There comes a time in any Linux systems administrator where he faces an issue while connecting to a new server if an old/known name. Although it is not a difficult problem to solve it can be a PITA to manually edit your know_hosts
file each time it happens, therefore having a script ready to do it for you can be very handy.
The problem
—> TL/DR => take me to the code!
@@@@@@@@@@@@@@@@@@@@@@@@@@@@@@@@@@@
@ WARNING: REMOTE HOST IDENTIFICATION HAS CHANGED! @
@@@@@@@@@@@@@@@@@@@@@@@@@@@@@@@@@@@
IT IS POSSIBLE THAT SOMEONE IS DOING SOMETHING NASTY!
Someone could be eavesdropping on you right now (man-in-the-middle attack)!
It is also possible that the RSA host key has just been changed.
The fingerprint for the RSA key sent by the remote host is
5c:9b:16:56:a6:cd:11:10:3a:cd:1b:a2:91:cd:e5:1c.
Please contact your system administrator.
Add correct host key in /home/user/.ssh/known_hosts to get rid of this message.
Offending key in /home/user/.ssh/known_hosts:1
RSA host key for server.example.com has changed and you have requested strict checking.

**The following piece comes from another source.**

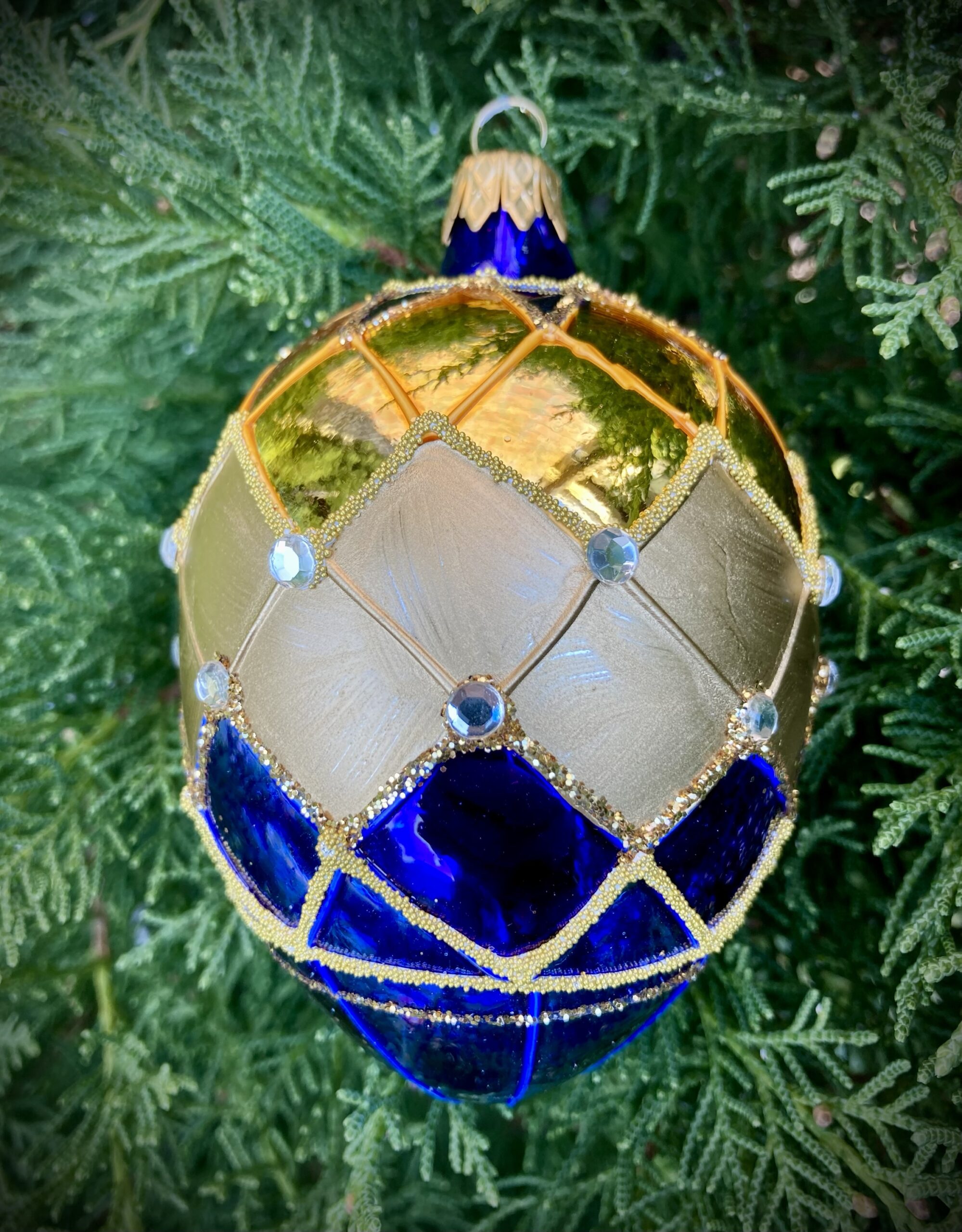 - Magnificent royal blue and gold mouth blown glass ornament decorated with crystals
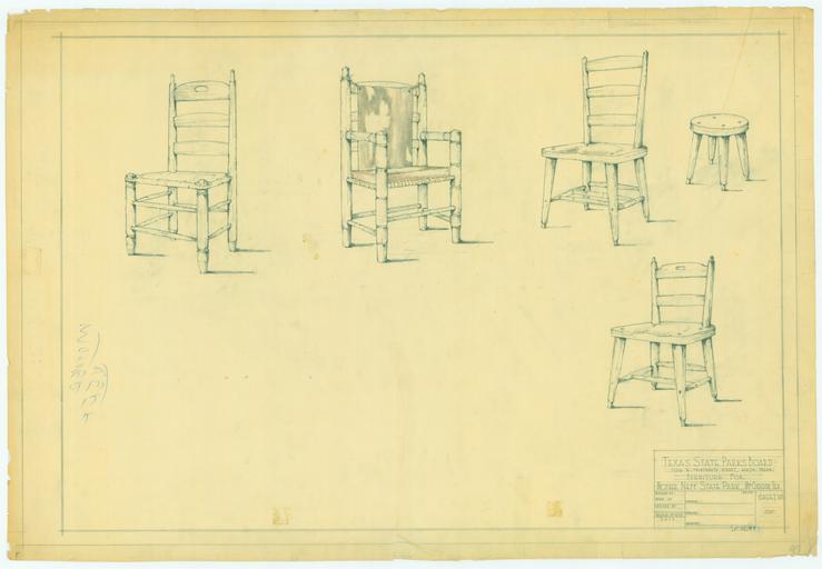 Keywords: mother neff state park motherneffstatepark texas state parks texasstateparks civilian conservation corps civilianconservationcorps ccc sketch drawing text Furniture, including different chairs and one foot stool. Early date: 1934 Late date: 1945 Pencil and colored pencil on paper. Various comments on front and reverse. LN: 37.75 x WD: 25.625 Furniture, including different chairs and one foot stool. Early date: 1934 Late date: 1945 Pencil and colored pencil on paper. Various comments on front and reverse. LN: 37.75 x WD: 25.625 |

Host key verification failed.
Who hasn’t faced an issue like this? I personally end up facing this situation a lot in the past days when I was testing some AMIs before putting them in production. For various reasons, it was just easier for me to use the same hostname in all test instances that I brought up. In face of that problem, it put on my shell script hat and created a function to help me solve this issue, the result is a simple function that you can set up as an alias function in your terminal that will help you remove hosts from you know_hosts
file faster.
The code
The code is very simple and it basically uses grep
and mv
to get the job done:
remove_known_hosts(){
known_hosts=~/.ssh/known_hosts
lines_count=$(grep -c $1 ${known_hosts})
if [ "$lines_count" -gt 0 ]; then
echo "Found ${lines_count} host(s):"
echo ""
grep $1 ${known_hosts}
echo ""
echo -n "Do you want to remove these hosts? [Y/n] "
read reply
if [ "$reply" == "Y" ]; then
grep -F -v $1 ${known_hosts} > ${known_hosts}.tmp && mv ${known_hosts}.tmp ${known_hosts}
echo "Those hosts were removed"
fi
else
echo "No hosts matching ${1} were found."
fi
}
Installation
- Simply append the code above to
~/.bash_profile
(or anything else that makes sense for your Linux distro). - Run
source ~/.bash_profile
Usage
You simply need to run the function plus a server name, IP or pattern to look for. E.g. remove_known_hosts server
Since it uses grep
for matching it is possible to delete a series of entries from your know_hosts
file. For example, if you run remove_known_hosts srv
that would give you something like that:
From there you can double-check the server names and remove all entries by answering Y
to the question.
Instead, if you want to remove just a single entry you should use full name/IP of the server to match it accordingly:
Conslusion
I already saved several seconds of my day by simply adding this script to my .bash_profile
. Let me know if it’s helpful for you too. Also, any improvements are welcome as long as they just use bash scripting and standard Linux tools.